I guess I am straddling the fence here. I see it important to "work it" from both ends. Give me data! and let me think about it.... Both sides have their strengths and weaknesses. Clearly the "wave" and "particle" metaphors do not suffice. I am of the camp (probably by myself) that concepts such as "mass," "energy," "space," "time," "spacetime," "in," "out," "large," "small," "finite," "infinite" are too ambiguous and simple, even in equation form.
The mathematicians have many fundamentally different (at least 20) definitions of "space" and many different notions of "equivalent" -- this is a mess -- and we have no systemic way of attaching them to physics, other than "philosophy"(random models) -- which I agree is not very scientific.

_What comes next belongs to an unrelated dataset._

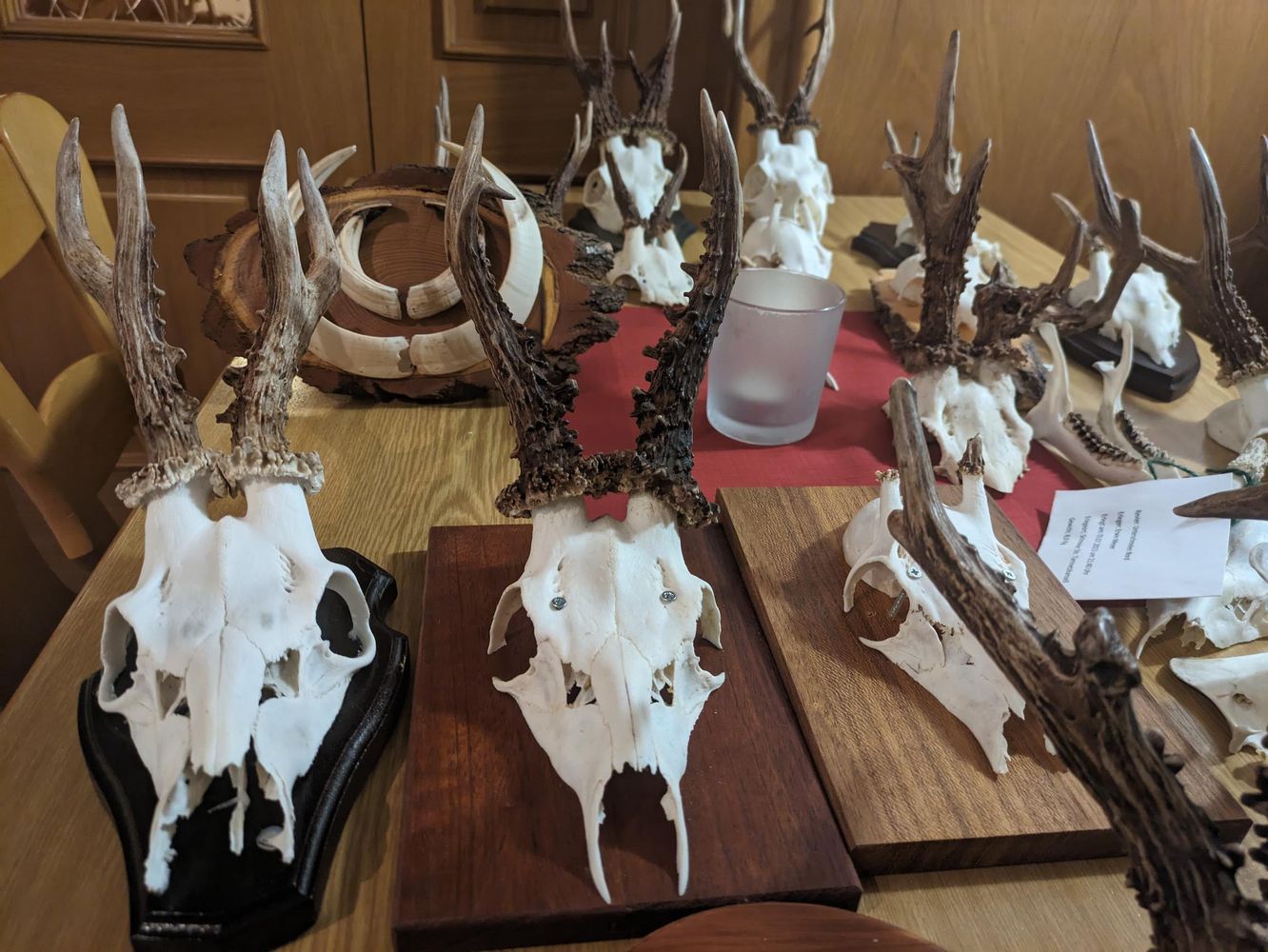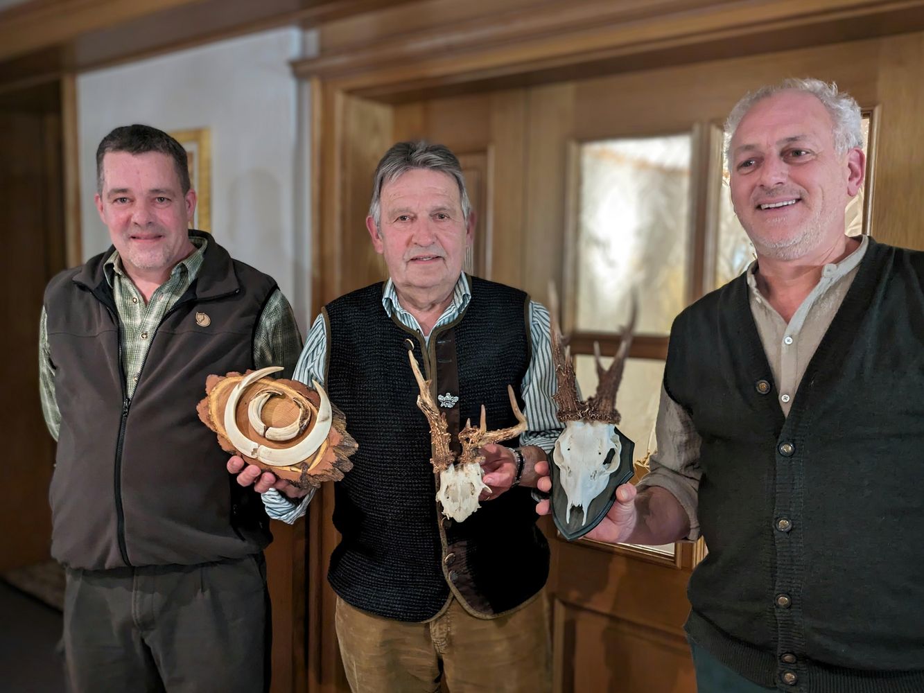 Bei der Trophäenschau wurden die starken Keilerwaffen von Bruno Dreher, das abnormste Gehörn von Johannes Beck und die stärkste Trophäe von Frank Gastel mit einem Preis bedacht.

shytiger wrote:For example, take prime numbers. What ARE they? I am still trying to figure this out.

keirsey wrote: I suspect various forms of "time" (as a lifetime of an physical entity -- or path) serve as these prime "times."
Sagathiest wrote:keirsey wrote: I suspect various forms of "time" (as a lifetime of an physical entity -- or path) serve as these prime "times."
Just an example of deductive speculation.

keirsey wrote:Sagathiest wrote:keirsey wrote: I suspect various forms of "time" (as a lifetime of an physical entity -- or path) serve as these prime "times."
Just an example of deductive speculation.
Yes.
Although I do think I have a hint of a systemic method of analysis, synthesis, and observation -- that is what my "Formatics" (Relational Science, Comparative Complexity) is all about. Unfortunately I am not able to explain it coherently enough at this time, but hope to in the next decade. The key is combining structural reasoning (such as I am doing above) and a more functional approach, more like Rosen, but still different. Keirsey's game is one attempt to start at the purely functional end. I want to do something similar except maybe start with some forms of "time" "space" "energy" and "mass" as my four functional Hegelian-Keirsey concepts,
keirsey wrote:shytiger wrote:For example, take prime numbers. What ARE they? I am still trying to figure this out.
Same here.
One of approaches I am taking is to look at the Monster Group (and the six pariahs). Particularly there is something interesting about the prime factors of the Monster Group, they -- the 15 -- 2, 3, 5, 7, 11, 13, 17, 19, 23, 29, 31, 41, 47, 59, 71 and if you include one of either 1 or 0, that adds up to 16, which is the same number of boolean binary operators. Given that those 15 are supersingular primes (their genus is 0), I am wondering if there is a casual and more specifically what is the precise (logical) connection to the boolean binary operators. So, I am been looking at WHAT KINDS OF PRIMES are there. The physics connection is along the lines of Monstrous Moonshine.